Additionally, the evidence does not suggest disparate treatment; to the

contrary, the firing of a male employee at another school within the

Archdiocese of Newark for the same reason -- premarital sex, which resulted

in a child out of wedlock -- shows that the Archdiocese at large is relying on

their religious tenets to make these decisions.

      In past cases in which our courts found sufficient evidence of unlawful

pretext to withstand summary judgment, those plaintiffs put forth more

evidence to carry their burden. See Meade, 249 N.J. at 331 (where the plaintiff

submitted evidence of gender-based comments from councilmembers who

voted to terminate her, including comments that a male subordinate took issue

with reporting to a woman and that “Michele [Meade] would not be having this

problem if her name was Michael”); DeWees v.
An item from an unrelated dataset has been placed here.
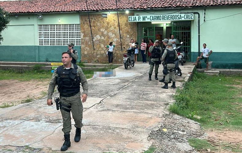 Câmeras de segurança registraram o exato momento em que o aluno Maciel Medeiros da Silva, de 18 anos, foi executado a tiros dentro do Centro de Educação de Jovens e Adultos (CEJA) Maria do Carmo Reverdosa da Cruz, no bairro Itararé, zona Sudeste de Teresina.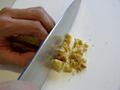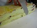 またクリームを少し残しておき、側面に刻んだ生地を接着するために使う。

RCN Corp., 380 N.J. Super.

511, 529-31 (App. Div. 2005) (where the plaintiff submitted evidence of (1)

reassignments of poor-performing younger men within the company instead of

terminations, (2) hostile interactions with her male supervisor, (3) sexist

comments made by the company’s male president, and (4) her employer’s

                                       20
attempts to reduce her bonus and change her stock option terms without

considering similar actions for male executives).

      Based on the evidence in the record, plaintiff has failed to establish, by a

preponderance of the evidence, pretext for the adverse action in this case.

Therefore, I believe that plaintiff’s LAD action fails under prong three of

McDonnell Douglas, and therefore summary judgment is appropriate for

defendant.

                                       V.

      For those reasons, I respectfully concur.